Equity and effectiveness should trump cost-savings
The Government has commissioned a timely review of the external dispute resolution (EDR) schemes covering financial services, but it should focus more on equity and effectiveness than penny-pinching.
If they have not done so already, then financial planners should be ensuring that they are fully acquainted with the terms of reference and likely outcomes of the Government's review of external dispute resolution (EDR) and complaints schemes.
The Minister for Revenue and Financial Services, Kelly O'Dwyer, released the terms of reference for the review at the same time as allowing the three-person independent panel a three-month extension allowing them to report at the end of March, 2017.
The review panel, chaired by Professor Ian Ramsay, with Alan Kirkland and Julie Abramson as members, would be examining the role, powers, governance, and accountability of the existing financial system external dispute resolution and complaints bodies: the Financial Ombudsman Service (FOS), the Credit and Investments Ombudsman (CIO), and the Superannuation Complaints Tribunal (SCT).
Why should financial planners and their representative organisations be paying close attention to the processes and probable findings of the review?
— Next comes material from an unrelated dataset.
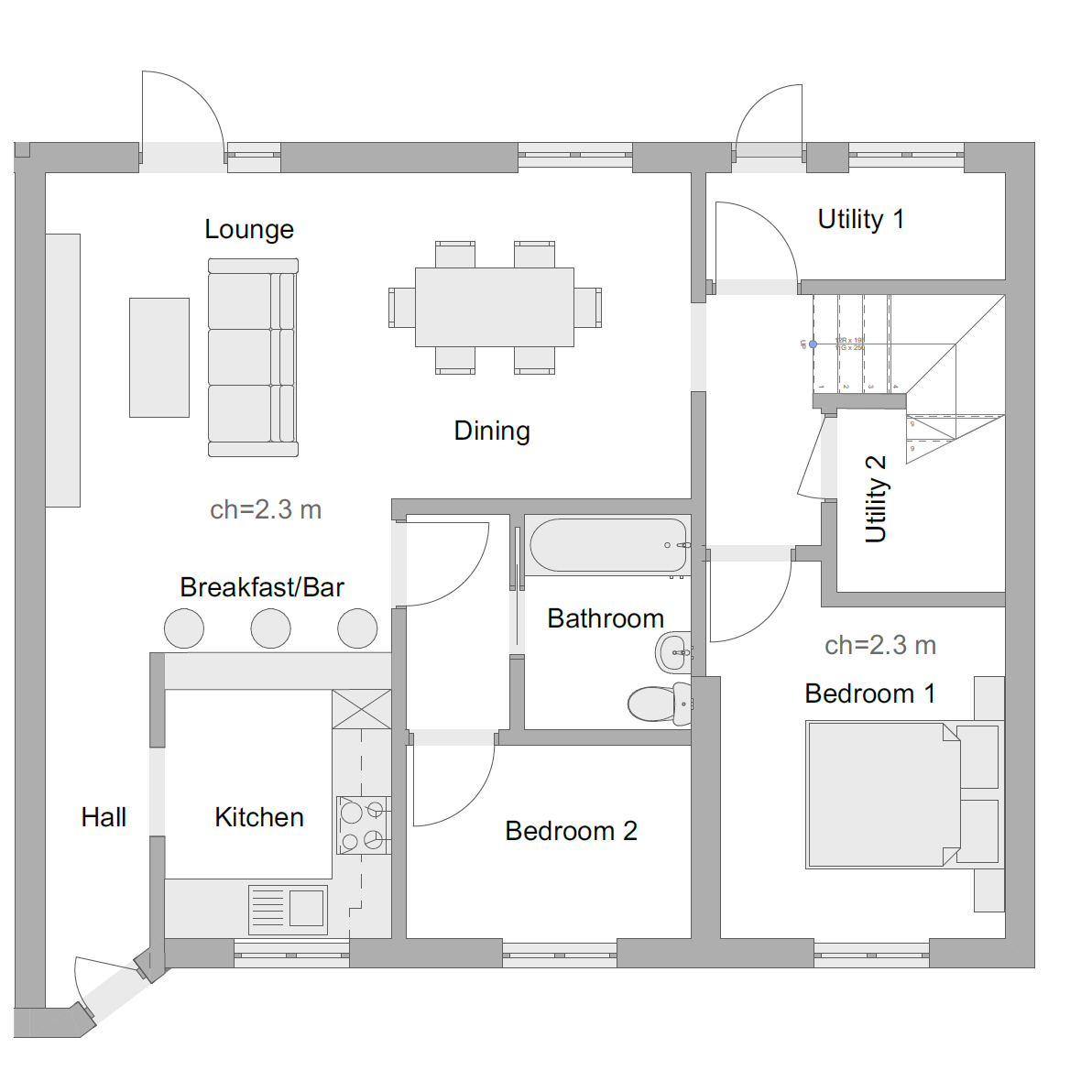 This project involved extending and reconfiguring a single-storey bungalow to create additional living spaces. The existing garage was converted into an extra bedroom with a staircase leading to the loft, which was transformed into an additional bedroom and a dedicated home office. The design maximizes the use of available space while maintaining a cohesive and functional layout for modern family living.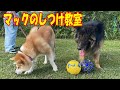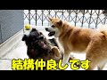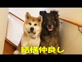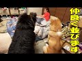 秋田犬そら君シェパードマックと仲良し練習してます

Because financial planners have a regulatory obligation to be members of an EDR scheme and, frankly, the relationship between many planners and FOS over the past decade or so has been problematic to say the least.
What first has to be said about FOS is that it is mostly funded by the industry it sits in judgement upon and its decisions are not open to appeal to the courts.
On this basis, superannuation fund executives should also be paying close attention, in circumstances where, unlike the FOS, the SCT has operated as a Government-funded statutory authority with its decisions capable of appeal.
Both advisers and superannuation fund trustees should therefore note that the terms of reference outlined by O'Dwyer last week made direct reference to the review having regard to: efficiency; equity; complexity; transparency; accountability; comparability of outcomes; and regulatory costs.
The wording of the terms of reference, undoubtedly written by Treasury, leaves little doubt that just as the Government has been attracted to an industry-funded Australian Securities and Investments Commission (ASIC), it is equally attracted to keeping EDR services off-Budget.
A logical starting point for the panel ought to be the processes which gave rise to the current EDR regime and whether the structures remain fit for purpose.
FOS chief ombudsman, Shane Tregillis, is nothing if not a vigorous advocate for his organisation but the panel needs to not only look at the positives Tregillis seeks to espouse but the economics of running FOS, whether it is properly scaled, whether its decisions are appropriately considered and balanced and whether its funding structure fit for purpose.
Perhaps, too, the independent panel might consider whether, in the interests of equity and good risk management, FOS decisions should be open to appeal in a court of law.
It is greatly to be hoped that the review of EDR and complaints schemes pursues genuine improvement rather than short-sighted cost savings.